Human-caused climate change is a reality. So, too, is the halting effort by industrial countries to limit the further emission of pollutants that cause that climate change. So, too, are the social and economic costs of fighting climate change in industrial societies. When interest groups resist the threats to their immediate well-being, governments can either bend before the resistance, or seek to off-set those costs, or seek to circumvent the resistance by other means. Thus, President Barack Obama insisted that the Paris climate agreement to which his administration adhered not be a treaty.[2] He knew he could never get such a treaty through the Senate, as required by the Constitution. Nor could he get the policies needed to implement the Paris agreement through Congress. So, he resorted to a “Clean Power Plan” issued by the Environmental Protection Agency (EPA). The Trump administration ordered a re-write of the Plan and “requested” that the EPA lighten up on other regulations.[3] Most observers found this to be ridiculous pandering to his core voters.[4] In this view, coal is a dying industry, climate change has to be resisted with energy,[5] and renewable energy is a key technology of the future economy.
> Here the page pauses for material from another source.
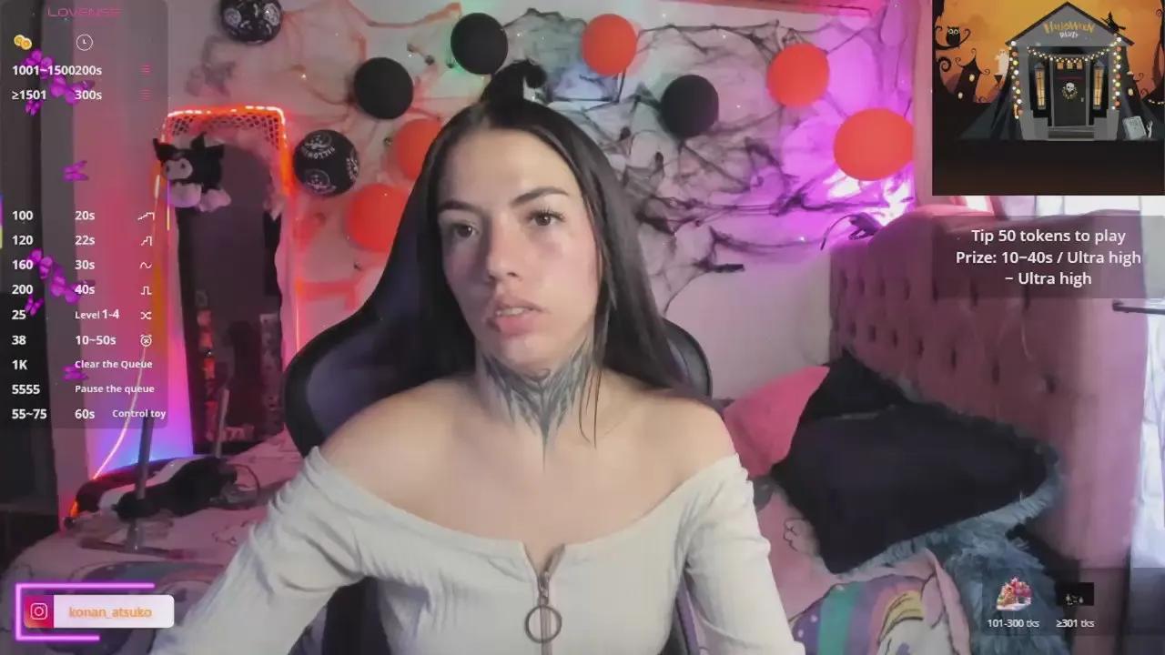 Meet KONAN_ATSUKO. This Female is playful and bold. At 23, her shape is perfect. She performs on Cam4. From Colombia, she loves to talk, is currently offline, muff gets passionate, uses vibrators,

American social values and the deficiencies of the American education system have challenged the growth of the high-tech industries for many years.[6] In brief compass, America doesn’t produce enough techies to meet the needs of growing industries. The solution appeared in the hiring of many (85,000 new people a year) from foreign countries. The granting of H-1B visas plays a key role in this process. Now the Trump administration has issued orders intended to hinder the issuing of such visas.[7] The empty spots aren’t likely to be filled by displaced coal miners.
[1] “Senate showdown over Gorsuch nomination,” The Week, 14 April 2017, p. 5.
[2] “Climate change: Can Trump revive coal?” The Week, 14 April 2017, p. 17.
[3] Relax the rules on emissions by power plants to be constructed in the future; allow new coal mining on public lands; and ease restrictions on the emission of methane in the course of “fracking.”
[4] As an employer, the whole of the coal industry ranks behind some fast-food chains. Coal mine employment has fallen by almost 50 percent since 1990, long before the Clean Power Plan was even a twinkle in Barack Obama’s eye. “The bottom line,” The Week, 14 April 2017, p. 35.
[5] HA! Is joke.
[6] See Bruce Cannon Gibney, A Generation of Sociopaths: How the Baby Boomers Betrayed America (2017).
[7] “Tech: More scrutiny for skilled-worker visas,” The Week, 14 April 2017, p. 35.